Term: "PLANTATT - attributes of British and Irish plants."

PLANTATT source link: "http://brc.ac.uk/sites/www.brc.ac.uk/files/biblio/PLANTATT_19_Nov_08.zip"

PLANTATT source references: "Hill, M.O., Preston, C.D., & Roy, D.B. (2004). NERC Centre for Ecology & Hydrology: Monks Wood."

sacrevert commented 7 years ago

@andrewvanbreda OK fine, I will continue working on the TVK issue then.

The source terms should be: Term: "British Plant Communities (NVC floristic tables)"

NVC source link: "http://jncc.defra.gov.uk/page-4265"

NVC source reference: "Rodwell, J.S. (Ed.). (1991). British Plant Communities (5 Volumes). Cambridge University Press, Cambridge, UK."

andrewvanbreda commented 7 years ago

@sacrevert OK, great I will add that too the code and then we can look to do another run of this next week

andrewvanbreda commented 7 years ago

Source added to the taxa_taxon_list_attributes along with associated link/reference. Committed.

Note that the source_id doesn't appear on the termlists terms attributes table, so I will need to amend that table separately sometime. So the source is not on the communities attribute at the moment.

We can amend that simply in the db if needed after import, as it is just one id that needs adding.

andrewvanbreda commented 7 years ago

termlists_term attributes now has source_id column. Will probably update this field manually after import though, as the field might not be present when the importer is run as it is currently on the development branch code

sacrevert commented 7 years ago

As per https://github.com/BiologicalRecordsCentre/BSBI-Card-and-PlantPortal/issues/55#issuecomment-344329033 but for NVC data NVC_DDBparsed_v5.zip

andrewvanbreda commented 7 years ago

@sacrevert OK thanks. Am just about to look at the Plant Att situation this afternoon....need to refresh memory, will let you know my thoughts on NVC too as soon as I can

andrewvanbreda commented 7 years ago

@sacrevert OK thanks, I think the code has changed with this importer since last run (unlike PlantAtt which hadn't changed), and we also have a new importer file. However a major advantage with this importer is we haven't done a test warehouse run yet, so we can do a clean run on that. So I suggest roughly the same course of action as PlantAtt, but with a test warehouse run also.

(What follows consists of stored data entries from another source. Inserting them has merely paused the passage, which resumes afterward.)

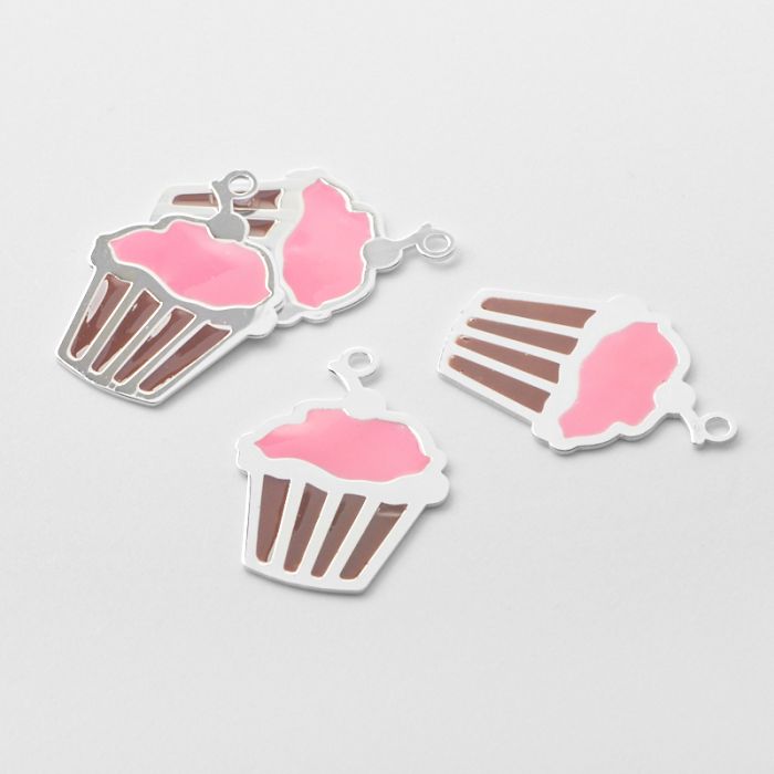 Srebrna zawieszka różowa babeczka emaliowana AG925 22mm
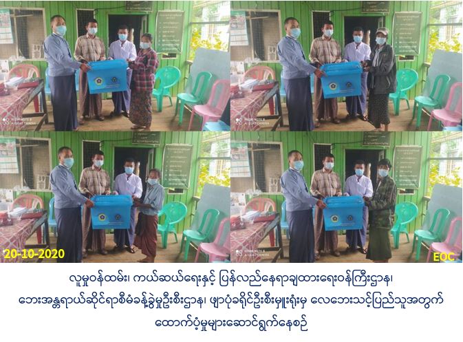 လူမှုဝန်ထမ်း၊ကယ်ဆယ်ရေးနှင့်ပြန်လည်နေရာချထားရေးဝန်ကြီးဌာန၊ ဘေးအန္တရာယ်ဆိုင်ရာစီမံခန့်ခွဲမှု ဦးစီးဌာန၊ ပူတာအိုခရိုင်ဦးစီးမှူးရုံးမှ တာဝန်ရှိသူများသည်(၁၉-၁၀-၂၀၂၀)နေ့တွင် နောင်မွန်းမြို့နယ် ပြည်သူ့လွတ်တော်ကိုယ်စားလှယ်နှင့် ပန်နန်းဒင်မြို့အထွေထွေအုပ်ချုပ်ရေးဦးစီးဌာနမှ တာဝန်ရှိသူများ နှင့်အတူ ပူတာအိုခရိုင်၊ နောင်မွန်းမြို့နယ်၊ ပန်နန်းဒင်မြို့ရှိ (Covid-19)ကာလတွင် စားနပ်ရိက္ခာရှားပါးမှု ကြုံတွေ့နေရသော တဆူထုကျေးရွာအုပ်စုနှင့် ဒဇုံတမ်းကျေးရွာအုပ်စုတို့မှ အိမ်ထောင်စု (၁၅၂) စု၏ လူဦးရေ (၁,၀၂၉) ဦးတို့အတွက် စားနပ်ရိက္ခာ(၃)လစာ ဆန် (၉၆၄) အိတ်၊ (၁၆) ပြည်၊ (၄)ဗူးနှင့် ပူတာအို ဒေသခံပြည်သူများမှ လှူဒါန်းလာသော စောင်နှင့်ဆောင်းဝတ်အနွေးထည် ကျန်ကျောင်းအိတ် (၁၅) အိတ်၊ … Read more
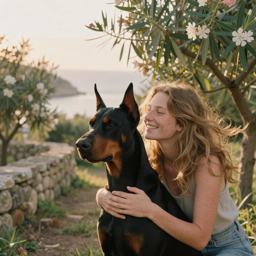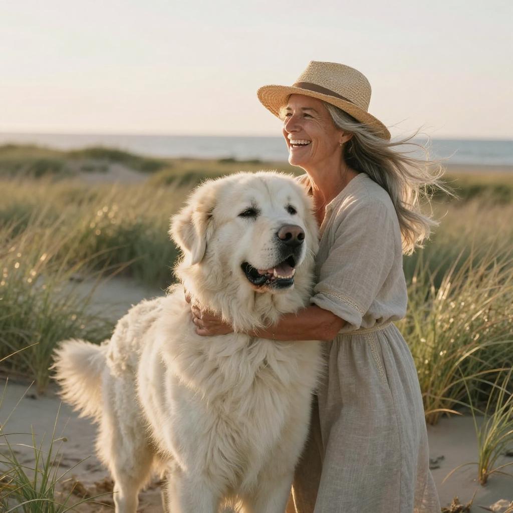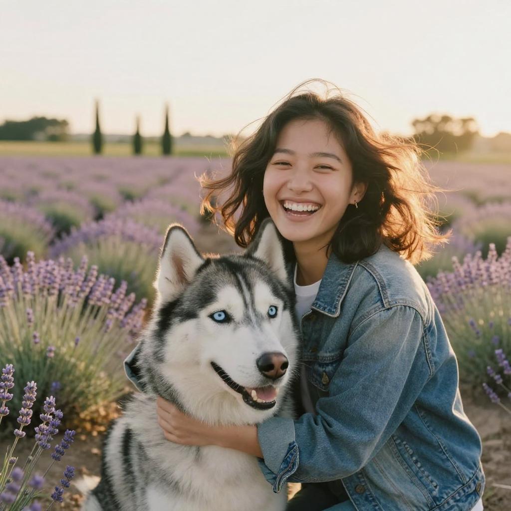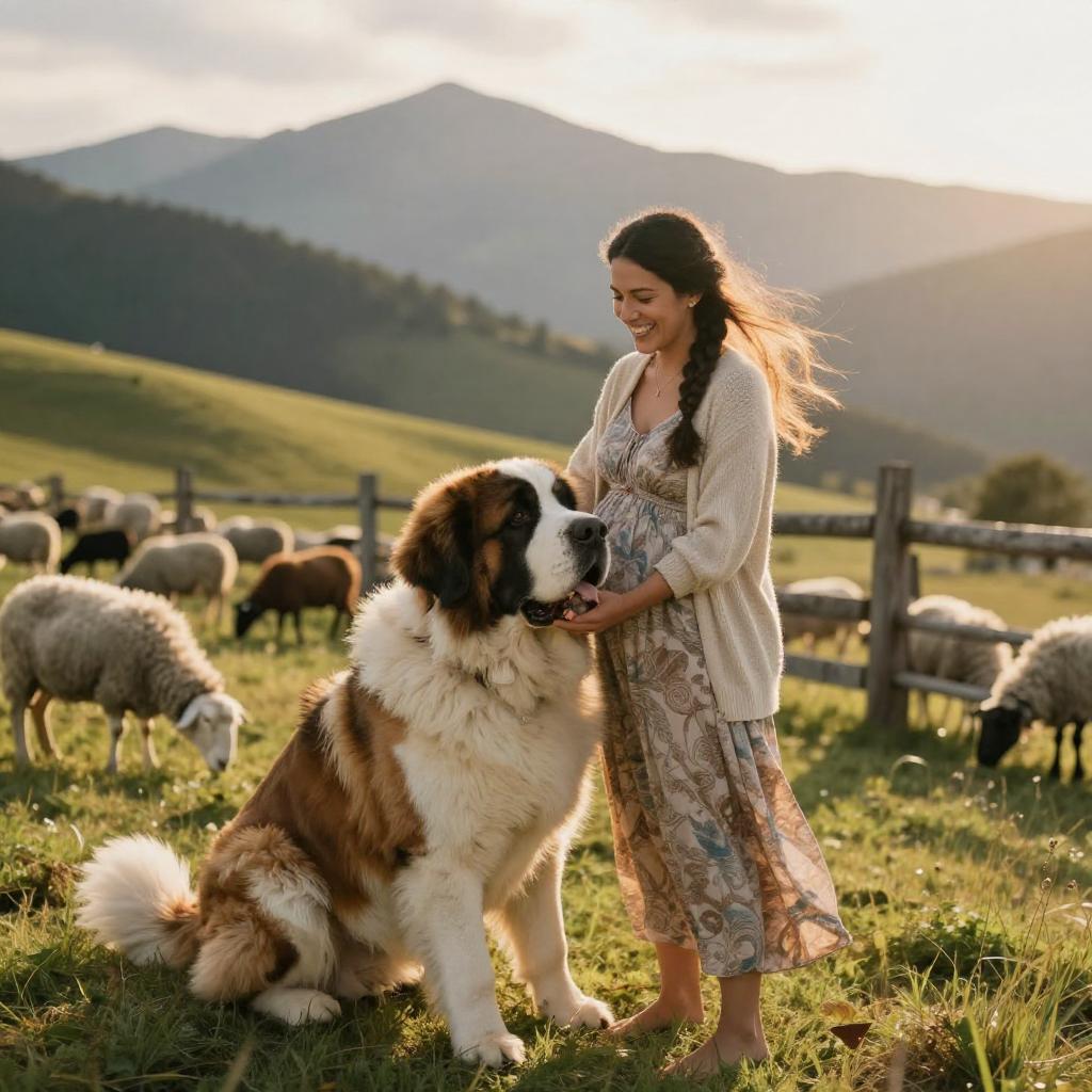 Young pregnant Latina woman with long wavy dark hair, wearing a flowing pastel maternity dress and light cardigan, tender joyful smile as she embraces a gentle brindle English Mastiff (very large, short coat) in a sun-drenched lavender field with a rustic stone cottage and bees hovering, at golden hour, candid and joyful atmosphere, warm natural lighting, golden hour backlight, gentle rim light, shallow depth of field, soft creamy bokeh, vibrant greens softly blurred, tactile fur detail, wind-swept hair, subtle film grain, balanced composition, inviting warmth, authentic lifestyle feel, crisp yet natural color palette
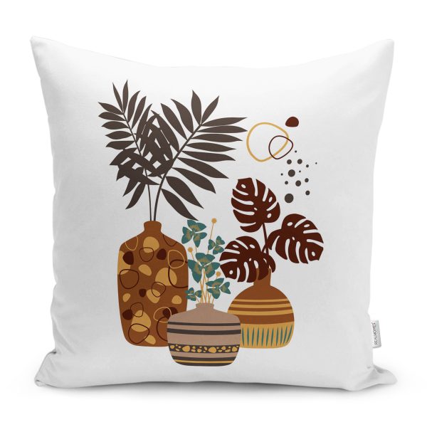 Kavanozdaki Tropik Yapraklar Dijital Baskılı Yastık Kırlent Kılıfı
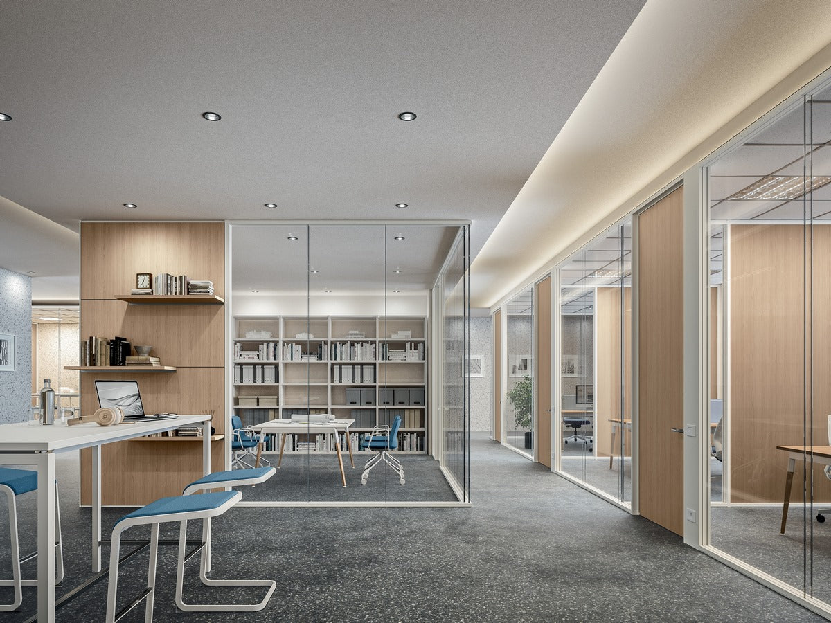 M1 se integra con todas las paredes ciegas del sistema XW, para crear ambientes operativos y de dirección, espacios abiertos y salas de reuniones, gracias a su naturaleza versátil.
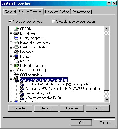 | Double click on Sound, video and game controller to open up the list as shown here. Or select it and click the Properties button at the bottom. |
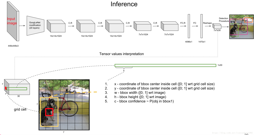来看一下每个单元格预测的B个(x,y,w,h,confidence)的向量和C的条件概率中,每个参数的含义(假设图片宽为高为,将图片分为:
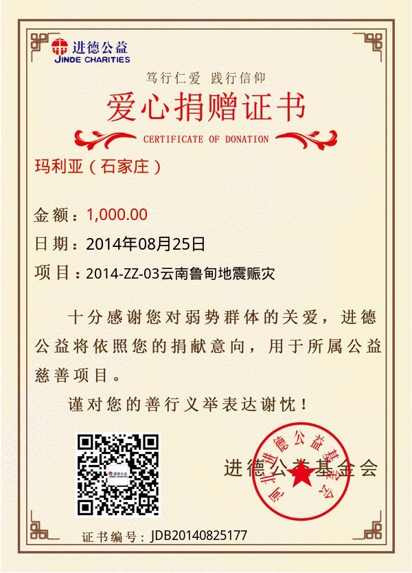 | 玛利亚(石家庄) | 1,000.00 | 2014-ZZ-03云南鲁甸地震赈灾 | 捐款证书 | 2014-08-25 |
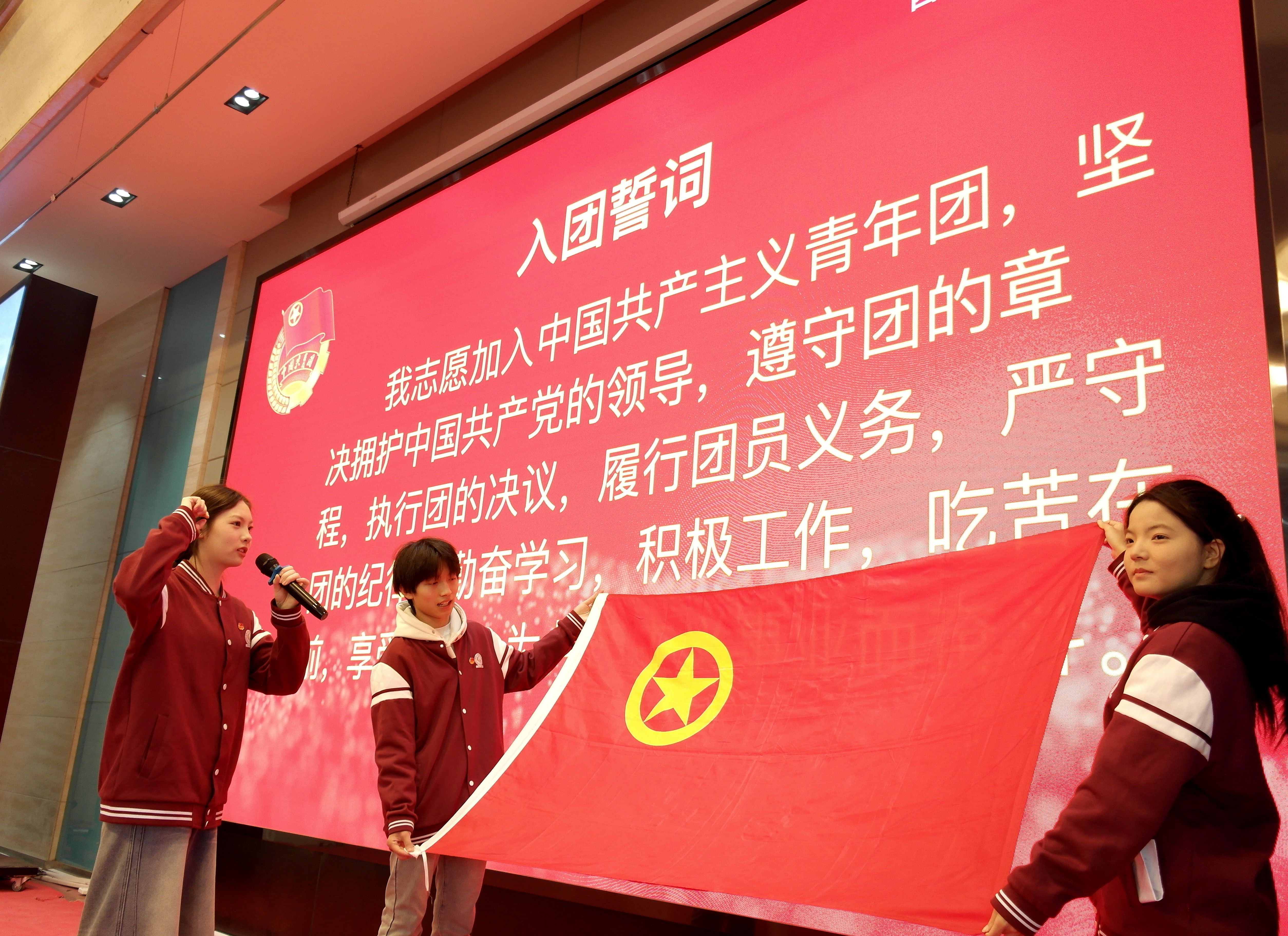 校党委副书记、校长孙杰向新加入共青团组织的团员表示祝贺,并向新团员提出希望和要求:一是记住新身份。时刻牢记团员使命,以团员标准严格约束自己,一举一动皆为标杆、一言一行堪称楷模。在日常学习生活中,你们要勇于亮明身份、争当表率,让自己更优秀、带动更多的人,让团徽在胸前闪闪发光。二是担起新使命。立足专业勤学苦练,把课堂所学转化为实操能力,在实训车间打磨匠心,在技能赛场锤炼本领,成长为能工巧匠、大国工匠的后备军。三是拿出新作为。积极投身备战高考、技能创新、校企实践、志愿服务等活动,把个人成长融入学校发展和时代大局,用实干诠释青春担当,用拼搏书写无悔年华,在强国建设、民族复兴的征程中贡献青春力量。

I think the tests after that run need to be a bit more detailed than PlantAtt as PlantAtt the code looks fine, but with NVC we noticed an issue where the Species Constancy Value wasn't imported during the dev warehouse run (although I couldn't find a reason why that happened). My suggested steps are,

  1. I will reformat the new file so that it will work with the importer
  2. Make sure any previous manual changes to the importer file are still present.
  3. Do a quick run on my own machine with some simple tests
  4. Test warehouse run, with particular attention for issues noticed during dev warehouse run
  5. Run on live if fine and verify it worked.

Again will let you know how I get on.

sacrevert commented 7 years ago

Great. Hopefully the 'Species' column in this new file should map exactly onto the species names in the full set of NVC table information, so hopefully the new TVKs will slot right in.